#### Source information
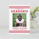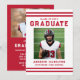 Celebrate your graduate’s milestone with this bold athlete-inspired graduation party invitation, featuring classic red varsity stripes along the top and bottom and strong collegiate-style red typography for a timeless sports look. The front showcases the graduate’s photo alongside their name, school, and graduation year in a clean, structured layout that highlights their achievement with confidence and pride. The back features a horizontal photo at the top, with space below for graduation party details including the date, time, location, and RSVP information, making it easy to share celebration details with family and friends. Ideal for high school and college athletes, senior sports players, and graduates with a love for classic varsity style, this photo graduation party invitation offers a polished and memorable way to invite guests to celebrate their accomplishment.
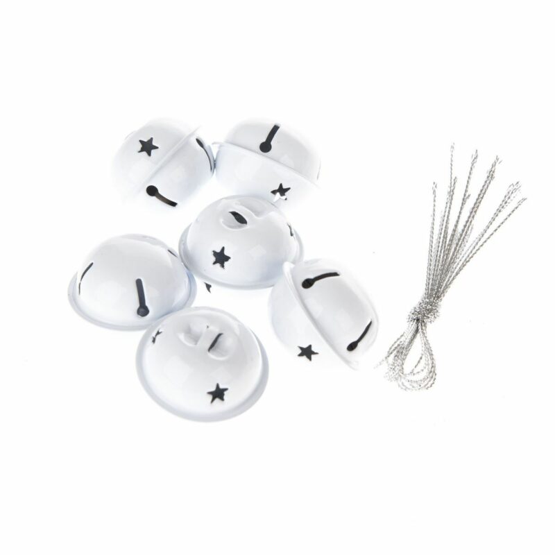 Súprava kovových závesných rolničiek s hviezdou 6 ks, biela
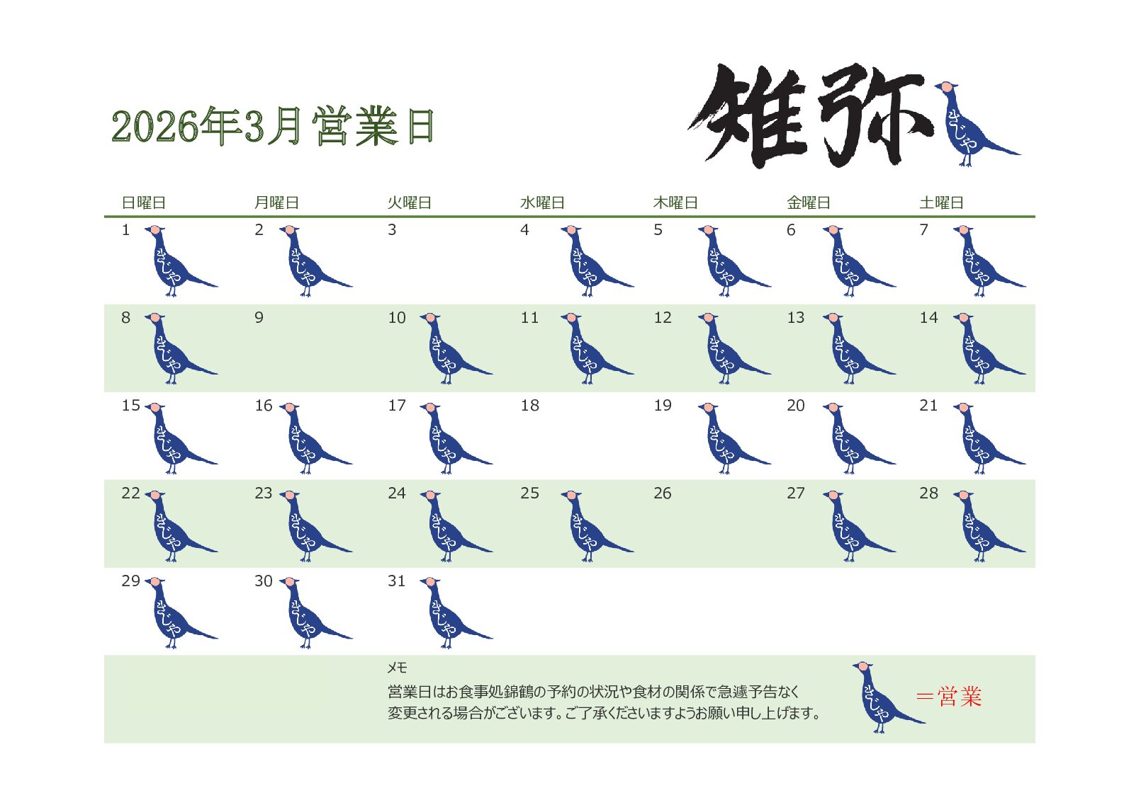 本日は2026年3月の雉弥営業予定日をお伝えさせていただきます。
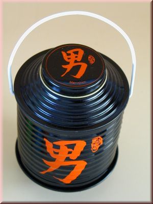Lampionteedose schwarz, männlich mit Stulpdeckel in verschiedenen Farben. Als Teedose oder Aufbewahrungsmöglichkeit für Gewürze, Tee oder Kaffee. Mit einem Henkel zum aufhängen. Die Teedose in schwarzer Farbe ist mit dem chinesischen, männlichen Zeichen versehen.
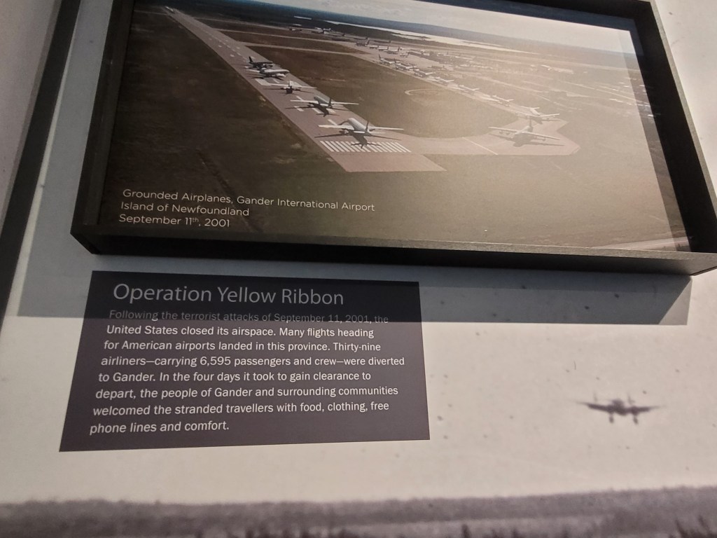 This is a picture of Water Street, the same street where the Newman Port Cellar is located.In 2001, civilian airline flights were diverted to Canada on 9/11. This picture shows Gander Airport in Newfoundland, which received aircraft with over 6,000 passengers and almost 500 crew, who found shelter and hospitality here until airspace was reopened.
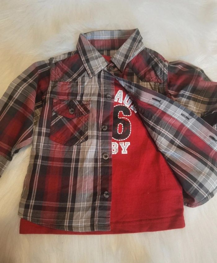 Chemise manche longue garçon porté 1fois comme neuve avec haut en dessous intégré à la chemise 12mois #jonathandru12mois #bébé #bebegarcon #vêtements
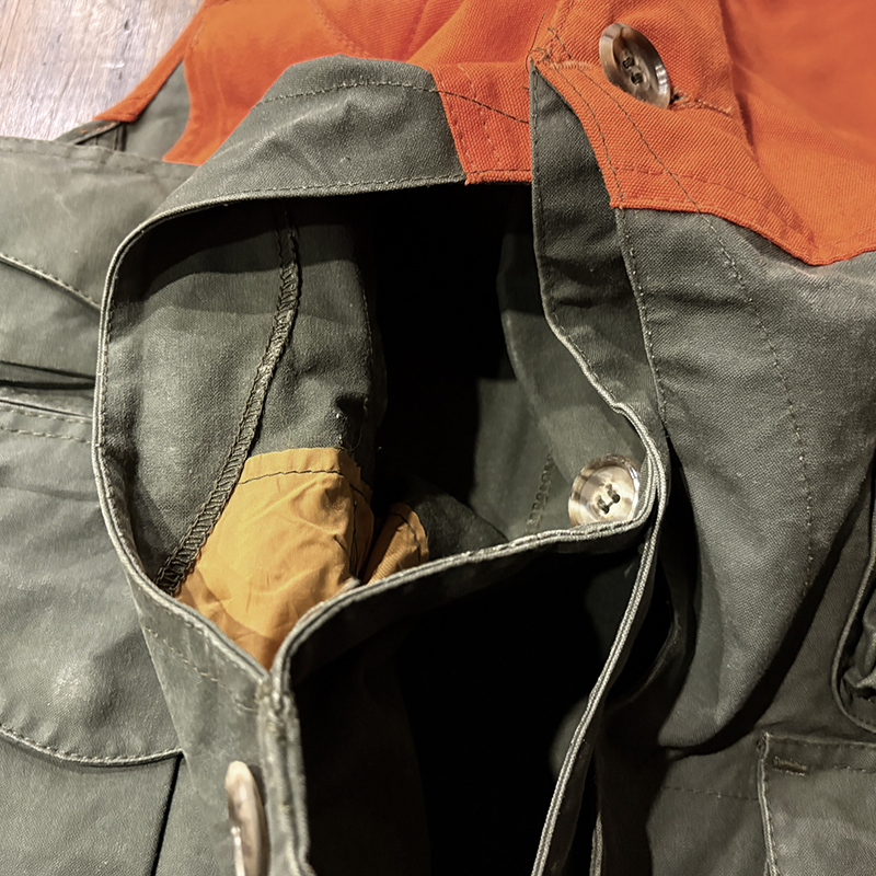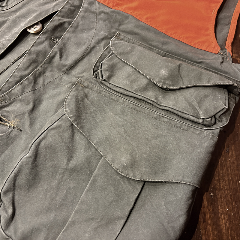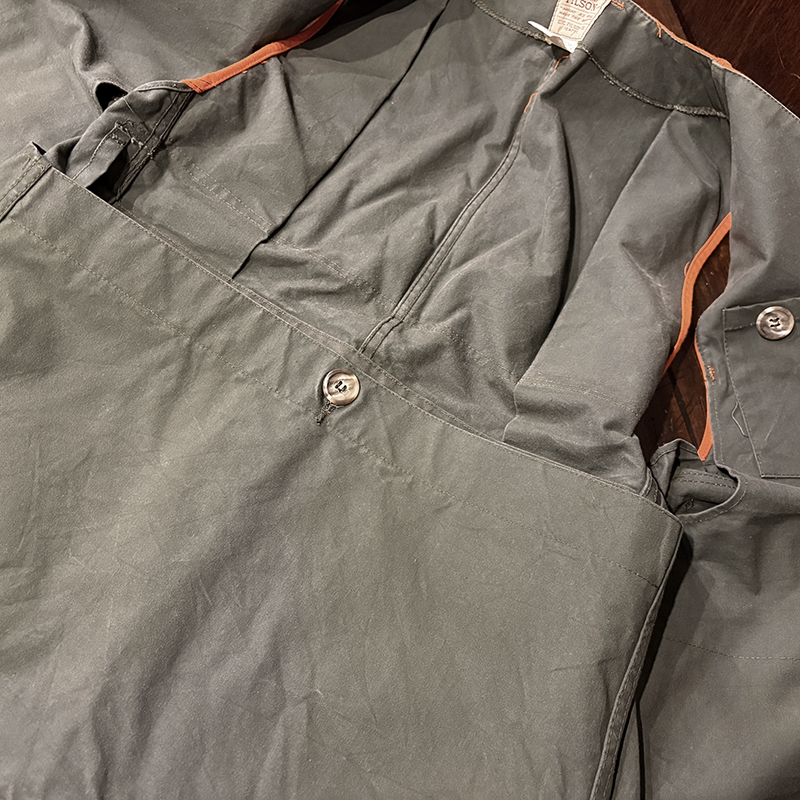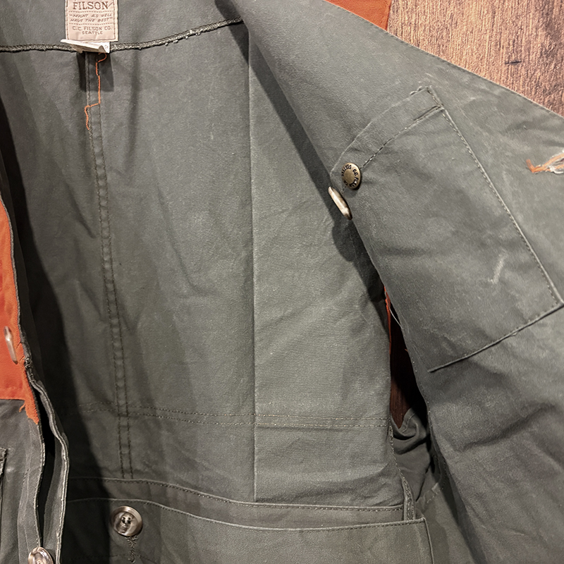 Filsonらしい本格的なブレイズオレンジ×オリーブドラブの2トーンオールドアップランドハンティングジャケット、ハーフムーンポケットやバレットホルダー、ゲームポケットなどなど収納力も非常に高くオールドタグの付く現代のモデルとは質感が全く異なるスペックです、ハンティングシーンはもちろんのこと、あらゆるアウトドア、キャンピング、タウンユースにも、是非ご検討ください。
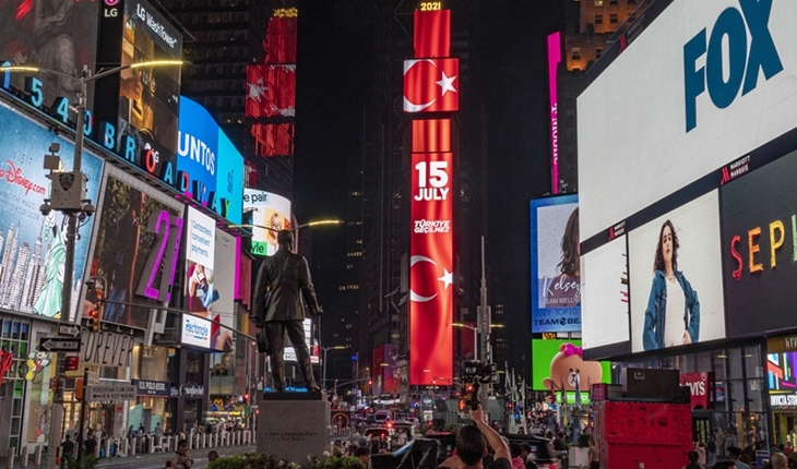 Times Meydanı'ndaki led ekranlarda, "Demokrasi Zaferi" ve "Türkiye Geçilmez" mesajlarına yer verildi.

#### Problem description
Would you transcribe each of the entries exactly, skipping the pictures?

#### Finished task
 Celebrate your graduate’s milestone with this bold athlete-inspired graduation party invitation, featuring classic red varsity stripes along the top and bottom and strong collegiate-style red typography for a timeless sports look. The front showcases the graduate’s photo alongside their name, school, and graduation year in a clean, structured layout that highlights their achievement with confidence and pride. The back features a horizontal photo at the top, with space below for graduation party details including the date, time, location, and RSVP information, making it easy to share celebration details with family and friends. Ideal for high school and college athletes, senior sports players, and graduates with a love for classic varsity style, this photo graduation party invitation offers a polished and memorable way to invite guests to celebrate their accomplishment.
 Súprava kovových závesných rolničiek s hviezdou 6 ks, biela
 本日は2026年3月の雉弥営業予定日をお伝えさせていただきます。
Lampionteedose schwarz, männlich mit Stulpdeckel in verschiedenen Farben. Als Teedose oder Aufbewahrungsmöglichkeit für Gewürze, Tee oder Kaffee. Mit einem Henkel zum aufhängen. Die Teedose in schwarzer Farbe ist mit dem chinesischen, männlichen Zeichen versehen.
 This is a picture of Water Street, the same street where the Newman Port Cellar is located.In 2001, civilian airline flights were diverted to Canada on 9/11. This picture shows Gander Airport in Newfoundland, which received aircraft with over 6,000 passengers and almost 500 crew, who found shelter and hospitality here until airspace was reopened.
 Chemise manche longue garçon porté 1fois comme neuve avec haut en dessous intégré à la chemise 12mois #jonathandru12mois #bébé #bebegarcon #vêtements
 Filsonらしい本格的なブレイズオレンジ×オリーブドラブの2トーンオールドアップランドハンティングジャケット、ハーフムーンポケットやバレットホルダー、ゲームポケットなどなど収納力も非常に高くオールドタグの付く現代のモデルとは質感が全く異なるスペックです、ハンティングシーンはもちろんのこと、あらゆるアウトドア、キャンピング、タウンユースにも、是非ご検討ください。
 Times Meydanı'ndaki led ekranlarda, "Demokrasi Zaferi" ve "Türkiye Geçilmez" mesajlarına yer verildi.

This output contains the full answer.